If you wish to establish a new company in India, you need to follow some procedures in order to get your desired company to formally register in the register of companies. A Company Registration is essential for its functions as an unregistered company is not deemed as a separate legal entity and is not guarded against any formal grievances either. Hence, in order to function successfully, you need to perform the below-mentioned procedures as marked in the Companies Act,2013.
Steps for Incorporation of the company
- Choosing an appropriate name
First and foremost, you would need to choose a name for your proposed company which indicates the main objects or purpose of the company. You need to ensure that the name(s) you have chosen does not resemble the name of any other existing and registered company. Also, the preferred names must not violate the provisions of the Prevention of Improper Use Act, 1950. For ensuring the availability of a name, you can use the online portal of the Ministry of Corporate Affairs for the Incorporation of companies.
- Applying for the name
After you have selected the names (up to a maximum of six), you would need to arrange them in order of preference. When this is done, apply for the availability of the company name to the concerned Registrar of Companies using Form1 A, costing a fee of Rs. 500/- In case the name is not available, the applicant has to reapply with a new name on the same application.
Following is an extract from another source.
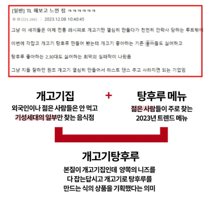 개고기집 비유가 통하는 이유는 여기에 있습니다. 이미 젊은 세대의 입맛은 떠났으나, 이러한 손님이 불만을 이야기해도, 결국 매출을 위해 다시 개고기를 권하거나 부위를 다양화해서 판매한다는 이미지가 강합니다.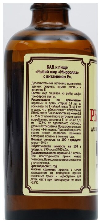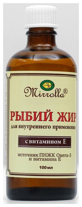 Рыбий жир «Мирролла», производимый из жира норвежского лосося, является источником омега-3 кислот (в том числе эйкозапентаеновой и докозагексаеновой кислоты) и отвечает европейскому стандарту качества и безопасности.Результат после курса приёма:Сильный иммунитет. Регулярное употребление рыбьего жира (особенно в сочетании с витаминами и микроэлементами) защитит от сезонных эпидемий ОРВИ и кишечных инфекций куда надёжнее вакцин и популярных йогуртов.Здоровые нервы. ПНЖК омега-3 — главный строительный материал миелиновых оболочек нервной ткани.Чистые сосуды. Рыбий жир помогает практически полностью защититься от атеросклероза. Свободные от бляшек сосуды, чёткая нервная регуляция сердечной деятельности и сосудистого тонуса в совокупности дают надёжную защиту от ишемической болезни сердца и гипертонии.Крепкие суставы. ПНЖК препятствуют разрушению суставной ткани и обладают противовоспалительным эффектом. Рыбий жир обязательно должен стать частью рациона для каждого жителя современного мегаполиса, ведь остеохондроз, артриты и артрозы стали настоящим бедствием современности.Энергия жизни. Рыбий жир каждый день — это настоящий заряд бодрости. Ведь полиненасыщенные жирные кислоты легко превратить в энергию, необходимую нашим мышцам, мозгу, внутренним органам.Способ применения: взрослым и детям старше 14 лет по 1 чайной ложке (3-3,5 г) 1 раз в день во время еды.Продолжительность приема: 4-6 недель. При необходимости прием можно повторить. Возможны повторные приемы в течение года.Состав: жир пищевой из рыбы, альфа-токоферола ацетат.

- Applying for registration
After the RoC approves the name, the applicant has to file for registration of the company within 60 days by filing the relevant forms (Form 1, 18 and 32).
- Arranging MoA and AoA
For Company Registration, one needs to arrange a number of documents such as the Memorandum and Articles of association by the needed solicitors. The Memorandum and Articles of association need to be signed by a minimum of two subscribers with relevant details such as his/her father’s name, address and occupation, the number of shares they are subscribing to and the acknowledgment of a witness. These documents are then duly stamped and need to approve by the RoC.
- Filing documents
The applicant needs to file the following forms along with required documents as instructed in each form:
- Form 1
- Form 18
- Form 32
After you have filed these forms, pay the required fees and send over the physical copy of Memorandum of Association and Article of Association to the RoC.
After all the forms are processed and approved, the applicant would receive the Certificate of Incorporation from the RoC which proves the corporate identity of the incorporated company.
- Obtaining commencement of Business certificate for Public Limited companies
Additional steps need to be performed by the Public limited companies to commence their business. For this purpose, they need to obtain the Certificate for commencement of business. For obtaining this certificate, they need to file a declaration in Form 20 and attach a statement in lieu of the schedule III of the prospectus or file Form 19 with the attached schedule II prospectus. After the forms are approved, the certificate would be generated.
- Additional steps for a Part IX Company
A Part IX Company has to file the Form 37 and Form 39 additional to the filing of Form 1,8 and 32. The company is needed to file Form 1 and then Forms 18, 32, 37 and 39 separately or simultaneously.
Once, all these procedures are duly performed and are respectively approved by the RoC, the company would obtain a legal and corporate identity.